The TJRC report, however, does not afford the Kenyatta administration much room for manoeuvre. The report can be made public immediately the President touches it, and indeed the TJRC said to have copies ready to go live on its website once President Kenyatta gives them a date to present it to him. They have been waiting for better part of three weeks though, so I guess he is not too keen to get it.

Also, like the Waki Report, its recommendations must be implemented. The self-propelling mechanisms ensure that once the report is handed over to the President, the wheels of justice are set in motion and the culprits must be brought to book. Even more worrisome, its pages probably contain potentially career and freedom-threatening observations on issues such as grand corruption, illegal land acquisitions and political assassinations

Embarrassing and punishing senior government officials is most definitely not "the Kenyan style." We rather prefer that the foreigners shut up unless they have something positive to say. Just look at where Waki got us -our excellent Excellencies having to endure the ignominy of a trial at the Hague. Therefore, we must all hope that the TJRC has not followed Waki's un-African example and come up with yet another secret envelope to be handed over to Western imperialists in the event of local non-compliance with its recommendations. That might bring the wrath of the gods.

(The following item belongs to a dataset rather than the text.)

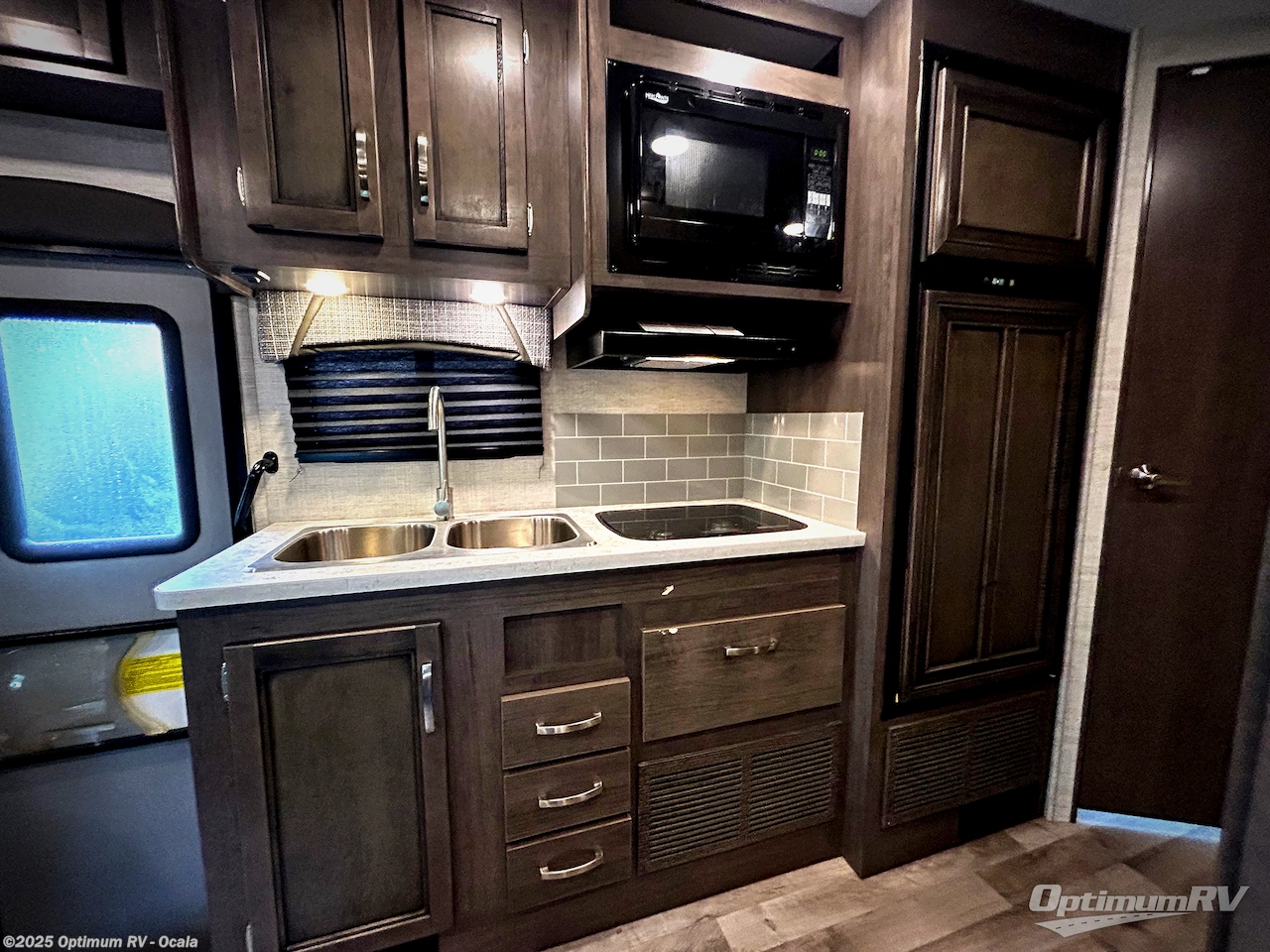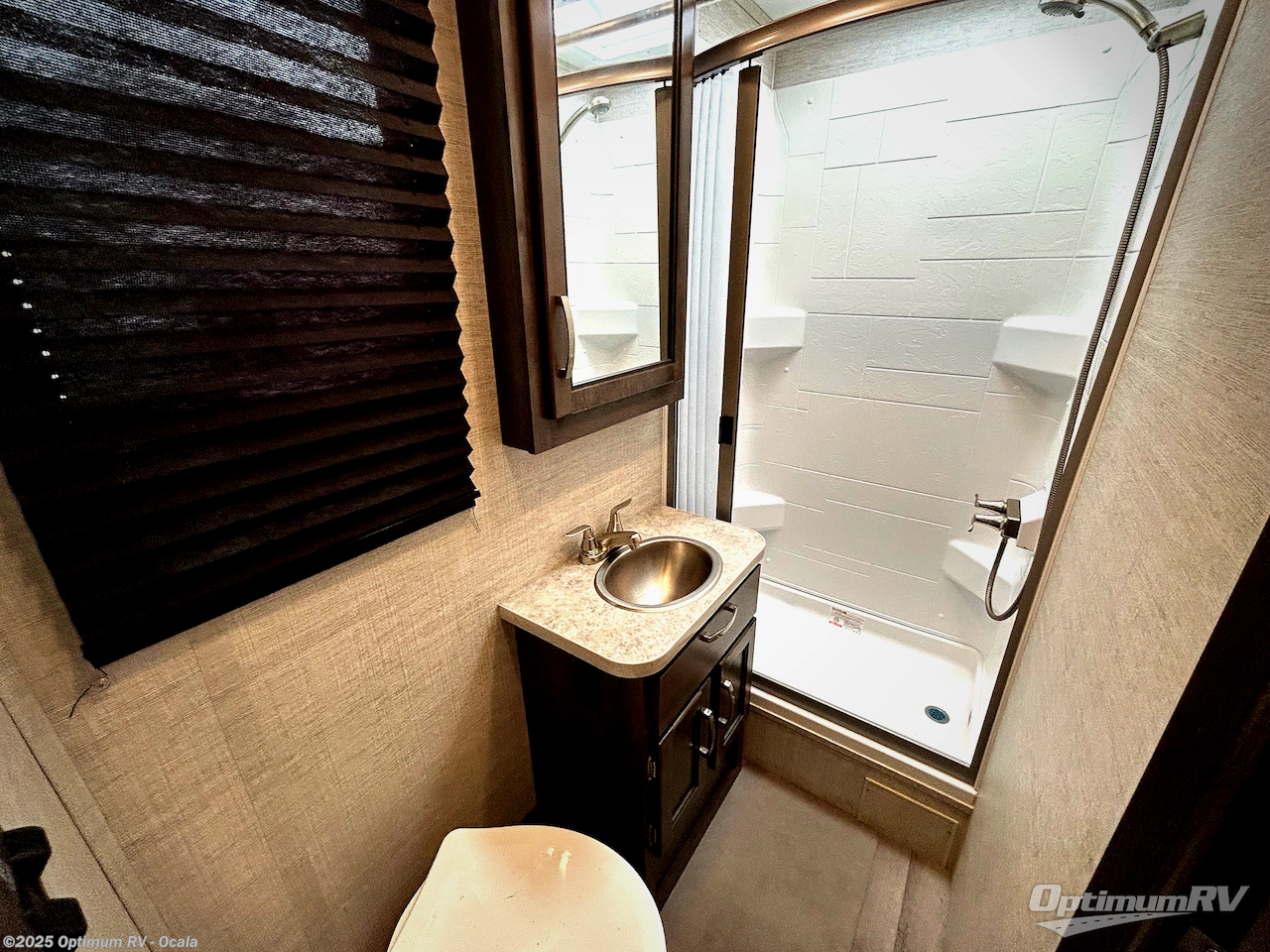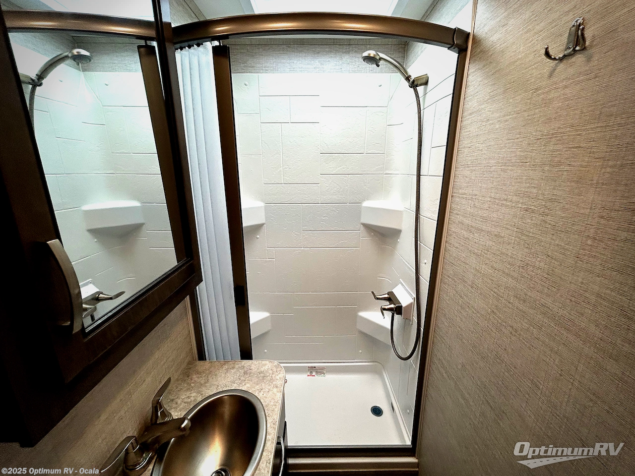 There's a comfortable place to sleep for everyone in this motorhome! From the corner 60" x 70" queen bed that slides out to the bunk over cab, and even the 42" x 70" booth dinette once converted. You can store your favorite snacks and hang up your clothes in the wardrobe/pantry. The chef can prepare delicious meals with the two burner cooktop and if there happens to be any leftovers then they can be stored in the 10 cu. ft. 12V refrigerator. The rear corner bathroom has a 24" x 36" shower that you are sure to enjoy after a long day of traveling!

For there is only one thing that is more Kenyan style than impunity. And that is forgetfulness, our time-honoured and traditional tendency to bury our heads in the sand. Our culture does not permit to speak ill of the dead, and that includes those with a deadened conscience, especially when they control our version of the nuclear football. Kenyan style reports should not allow us to learn from past mistakes as doing so risks acknowledging that our ancestral warrior-kings -the heralds of independence and peace and all things democratic- and their present descendants may have made mistakes, or even worse, that they may have knowingly acted in immoral, thieving and murderous ways. Chaos and mayhem, we fear, may be visited upon us as these spirits take their vengeance on our self-righteous souls.

On the other hand, there is no need to waken the spirits of the non-victims of past non-indiscretions though. Their powerlessness and anonymity follows them beyond the grave so long as we have the good sense to ignore them. Better to let sleeping dogs lie.

Now, since the ignorant foreigners have already raised the spectre of wrongdoing, a traditional cleansing is required. The report must therefore become a whitewash of all sins and must meet with the approval of our priest-king. Any mention of his name, and those of  his friends, must be deleted in the course of this cleansing. In return, he will intercede for us with his glorious ancestors who will resume the flow of riches from heaven and, for the present at least, spare us violence.

In future, fellow Kenyans, if we must remember the past, then let us remember the good times and the silver linings. Our children should only hear the positive and the embellished. Like how we always came first in class, and how they are all descended from great chiefs. We must purge our history books of anything that may be remotely embarrassing, any references to colonial collaborators or murderous and thieving governments. They must understand that all were freedom fighters, especially those who fought from the inside, and all were honest-to-God patriots.

That is the Kenyan style, the path to a Kenyan peace.